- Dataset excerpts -
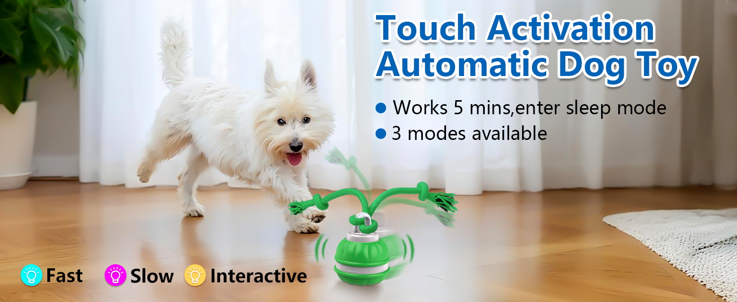 - Motion dog toy: Interactive dog ball working 5 mins, then enters standby mode, and awake 1 min every 1 hour automatically, or touched by pets to re-start the toy
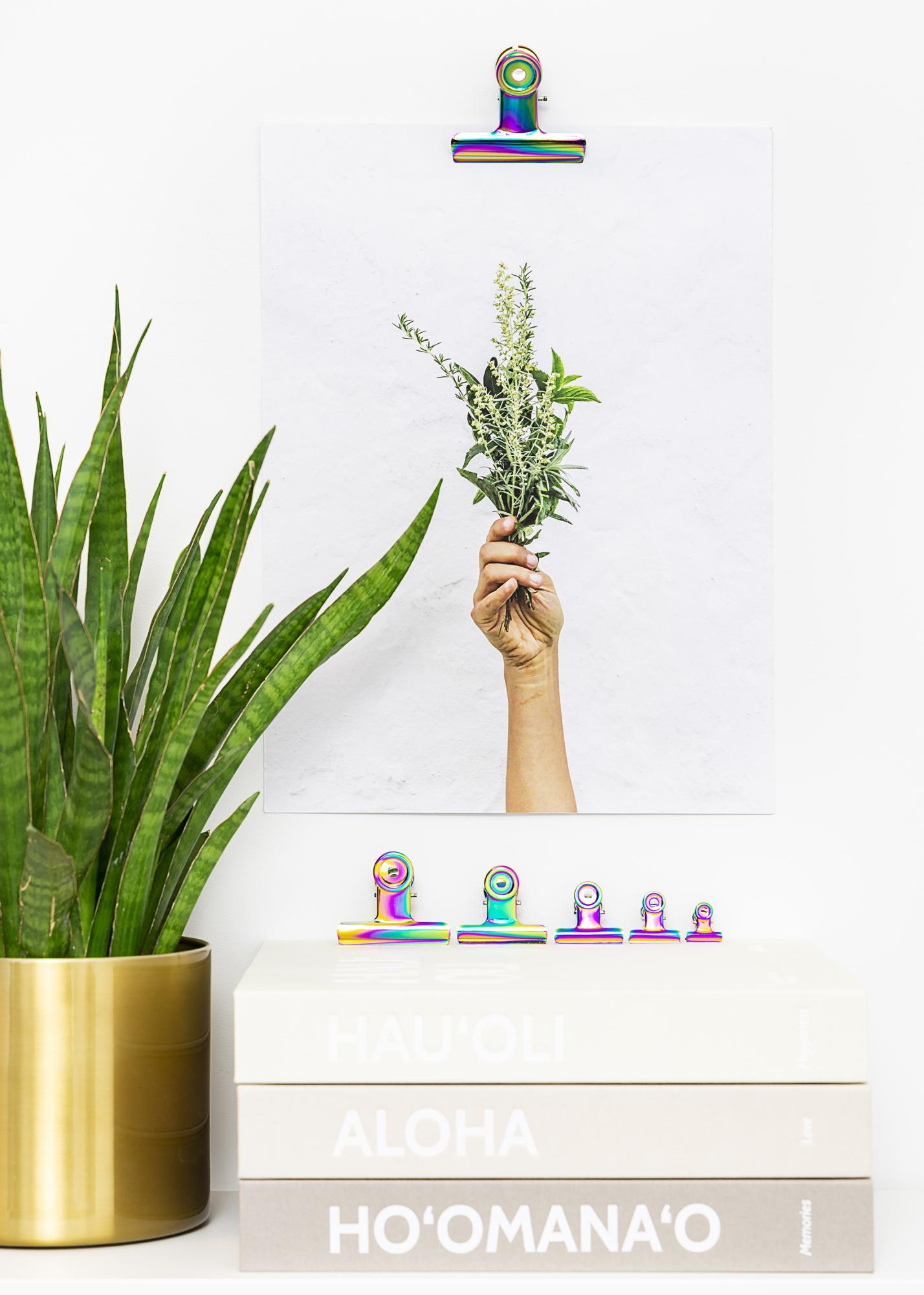 Skanus vaivorykštės spalvų metalinis spaustukas su blizgia apdaila, suteikiantis jūsų plakatams ir atspaudams madingą ir šiek tiek kitokį pakabinimą. Plakato spaustuko stipri, bet lanksti anga leidžia pritvirtinti tiek ploniausią popierių, tiek storesnius plakatus. Jei turite didelį plakatą, kurį norite pakabinti, galite naudoti dvi metalines spaustukas. Plakato spaustuko dizainas yra stilizuotas ir paprastas, o dėl apvalios viršūnės skylių lengvai pritvirtinsite jį prie sienos naudodami mažą vinį ar varžtą.
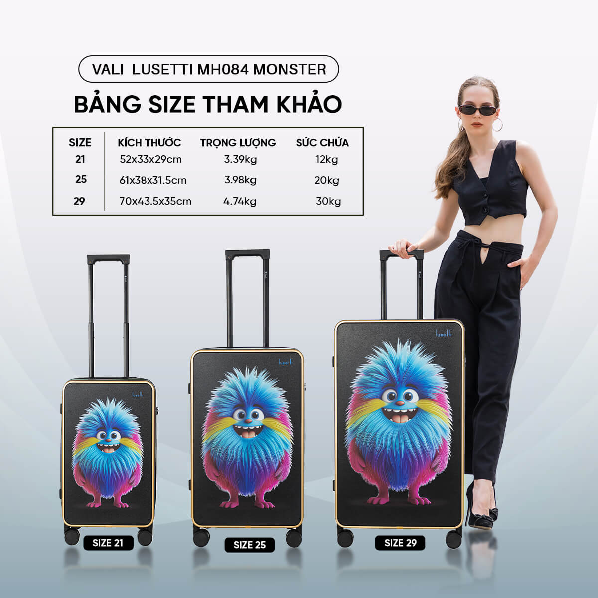 Mang đến tinh thần trẻ trung và rực rỡ, vali Lusetti MH084 MONSTER gây ấn tượng với bảng màu tươi sáng cùng hình ảnh nhân vật Monster vui nhộn. Thiết kế mang hơi thở hiện đại và năng lượng tích cực, chiếc vali này là lựa chọn lý tưởng cho những ai yêu thích phong cách cá tính và tràn đầy sức sống trong mỗi chuyến đi.
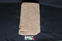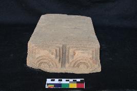 | Description / विवरण | It is a rectangular terracotta brick with decorated surface and partially chipped off edges. The decorative stretcher side (wider surface) of the brick has two sets of telescopic slab-like projections with rainbow-like arch patterns therein. It was originally made of coarse-grained red clay. Signs of weathering are prominent from the flaking and scratches. |
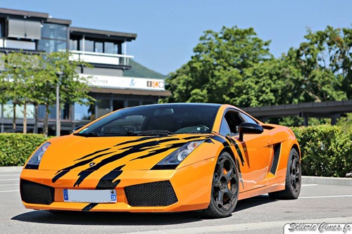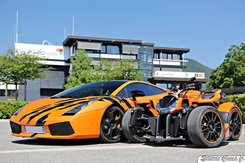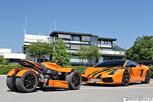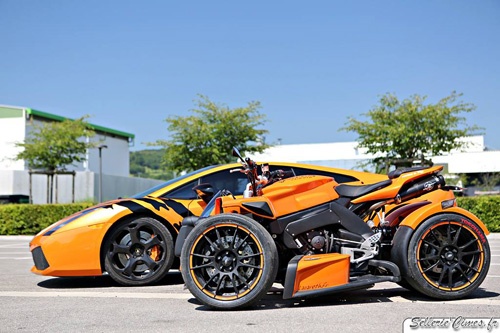 | Siêu xe Lamborghini Gallardo và mô tô độ Lazareth Wazuma. |

- WHAT TO PRODUCE -
Output all entries unchanged; skip the pictures.

- WRITTEN REPLY -
 - Motion dog toy: Interactive dog ball working 5 mins, then enters standby mode, and awake 1 min every 1 hour automatically, or touched by pets to re-start the toy
 Skanus vaivorykštės spalvų metalinis spaustukas su blizgia apdaila, suteikiantis jūsų plakatams ir atspaudams madingą ir šiek tiek kitokį pakabinimą. Plakato spaustuko stipri, bet lanksti anga leidžia pritvirtinti tiek ploniausią popierių, tiek storesnius plakatus. Jei turite didelį plakatą, kurį norite pakabinti, galite naudoti dvi metalines spaustukas. Plakato spaustuko dizainas yra stilizuotas ir paprastas, o dėl apvalios viršūnės skylių lengvai pritvirtinsite jį prie sienos naudodami mažą vinį ar varžtą.
 Mang đến tinh thần trẻ trung và rực rỡ, vali Lusetti MH084 MONSTER gây ấn tượng với bảng màu tươi sáng cùng hình ảnh nhân vật Monster vui nhộn. Thiết kế mang hơi thở hiện đại và năng lượng tích cực, chiếc vali này là lựa chọn lý tưởng cho những ai yêu thích phong cách cá tính và tràn đầy sức sống trong mỗi chuyến đi.
 | Description / विवरण | It is a rectangular terracotta brick with decorated surface and partially chipped off edges. The decorative stretcher side (wider surface) of the brick has two sets of telescopic slab-like projections with rainbow-like arch patterns therein. It was originally made of coarse-grained red clay. Signs of weathering are prominent from the flaking and scratches. |
 | Siêu xe Lamborghini Gallardo và mô tô độ Lazareth Wazuma. |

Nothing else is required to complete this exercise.